Michael Solati
Posted on February 27, 2023
Hello there! Welcome to the world of Amplication. My name is Michael; people refer to me as Amplication's Developer Advocate.
Today, I want to show you how to build a backend GraphQL API using Amplication and some other valuable bits, such as how to seed a database using Prisma and how to scrape data off the internet. Consider this a weekend project to build something fun and exciting using open-source technologies and best practices with a straightforward-to-follow guide.
The web is inhabited far and wide by backend servers. For some people, they like to communicate with a backend using GraphQL. Others prefer traditional REST API requests. As for myself, I help developers build these backends that power the web. Your very own Amplication legend is about to unfold! A world of dreams and adventures with Amplication awaits. Let's go!

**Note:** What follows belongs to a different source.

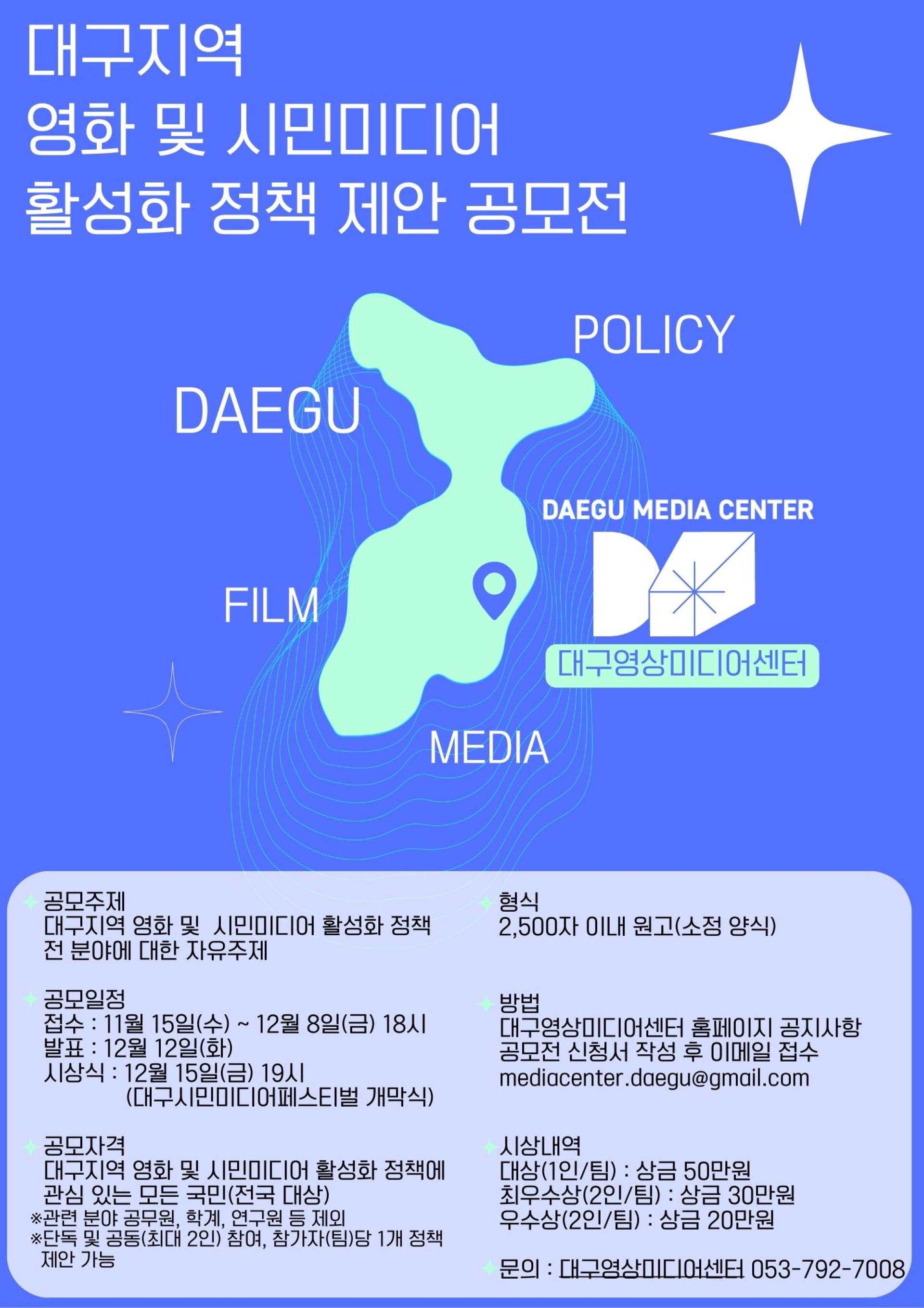 - 대구지역 영화 및 시민미디어 활성화 정책 관심 있는 모든 국민 (전국 대상)

All kidding aside, I woke up on February 6th to see that Mewtwo was trending on Twitter. So naturally, as a genwunner, I felt compelled to learn more about why Mewtwo was trending. I discovered that February 6th is Mewtwo's birthday! And that inspired this entire post.
With all that said, I have a request for you. Below is a crash course on building a Pokedex GraphQL API using Amplication and data scraped from Bulbapedia. It'll be a high-tech encyclopedia! So read on, and let's create something fun together.
Building the Pokedex, a Pokemon Encyclopedia
Before we can even begin to log all 1008 Pokemon, we first need to have someplace to log them. A Pokedex, so to speak. But we live in a modern world where everything is connected to the internet, so we're going to create a Pokedex that can serve many Pokemon trainers worldwide. But, of course, this requires a backend server, and to build our backend server, we'll need Amplication. So, head to app.amplication.com and sign in to get started.
Add a new project to your workspace; I'm calling mine Amplidex. Once the project is created, add a service resource and use the default settings.
This service will be the backbone of our Pokedex, as it'll be serving all of the data on the different monsters, typings, and generations; it's not a complex Pokedex, but it's more than enough to showcase what's possible. With that in mind, we'll create three entities in this service:
- Generation
- Monster
- Typing
For both the Generation and Typing entities, add a field and call it Name. The Name field will be a single line text field; additionally, it should be a unique field, a required field, and searchable. At some point, we'll add a field called Monsters to these two entities, allowing us to search for Pokemon based on their generation or typings. This relation will be created from inside the Monster entity.
So let's move to the Monster entity and add the following fields, with the configurations shown in the sub-bullet points:
- Name
- Unique Field
- Required Field
- Searchable
- Single Line Text
- Dex Number
- Unique Field
- Required Field
- Searchable
- Whole Number
- Biology
- Required Field
- Searchable
- Multi Line Text
- URL
- Unique Field
- Required Field
- Searchable
- Single Line Text
- Image
- Required Field
- Searchable
- Single Line Text
This is all helpful information for a Pokedex. Look through the different configuration options. You'll see how much control Amplication provides for the data you want to store and how easy it is to validate and protect data being written to your backend and database.
In the last two fields, we'll add our Generation and Typing. Starting with Generation, Amplication looks through your entities and sees that you have an entity called Generation. Amplication will suggest that a Monster's Generation field should be related to the Generation entity, which is precisely what we want. One monster can only be related to one generation, so select that option when creating the relationship. Also, remember to set the field to be required and searchable.
Now create your Typing field, and like with the Generation field above, Amplication will attempt to build a relation between the field and the entity. In this case, though, a Pokemon can have multiple typings, so be sure to select one monster can be related to many typings. Again remember to set the field to be required and searchable.
For this Pokedex to work for everyone to use, we will need to make one change to our Amplication service, which is to make some of the entities' actions public. By default, all requests, mutations, and queries to an Amplication-generated backend require a user to be authenticated. For this backend, we want to allow any developer to be able to search it. Therefore, we want to set the View and Search actions to Public for our newly created entities, Monster, Generation, and Typing. Click into an entity and select Permissions on the left-hand side; you'll be greeted with a robust UI for protecting your entities. Make sure to set the View and Search actions to Public here. For a deeper dive into how to use entity permissions, check out this article on the Amplication docs site.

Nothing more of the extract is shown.